**Instructions for the task:** Repeat the lines of the listing below exactly, starting at the line that contains "Figure 1. Coronal" and running through the last line, both included, and only those.

---------- Exercise data

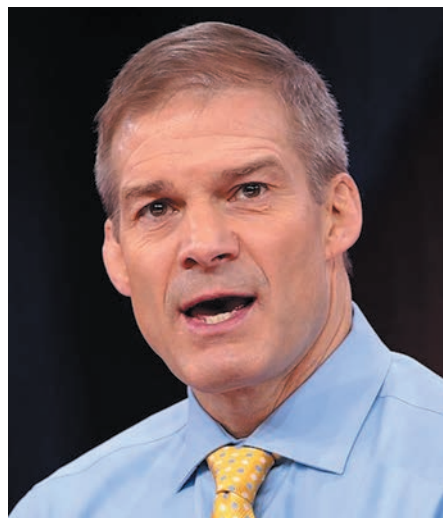
REP. JIM JORDAN Exposed a network of saboteurs.

Jordan explained that the congressional committee he chairs documented how the federal government went far beyond what anyone previously thought
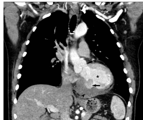
Figure 1. Coronal CT demonstrating left ventricular wall defect and intrapericardial thrombus; asterisk = left ventricular cavity, arrow = left ventricle free wall defect, arrowhead = thrombus.

He returned 5 weeks later complaining of 72 hours of malaise, fevers and chest pressure. He was tachycardic and hypotensive but intermittently responsive to fluid

--------------------

**Exercise output:**
Figure 1. Coronal CT demonstrating left ventricular wall defect and intrapericardial thrombus; asterisk = left ventricular cavity, arrow = left ventricle free wall defect, arrowhead = thrombus.

He returned 5 weeks later complaining of 72 hours of malaise, fevers and chest pressure. He was tachycardic and hypotensive but intermittently responsive to fluid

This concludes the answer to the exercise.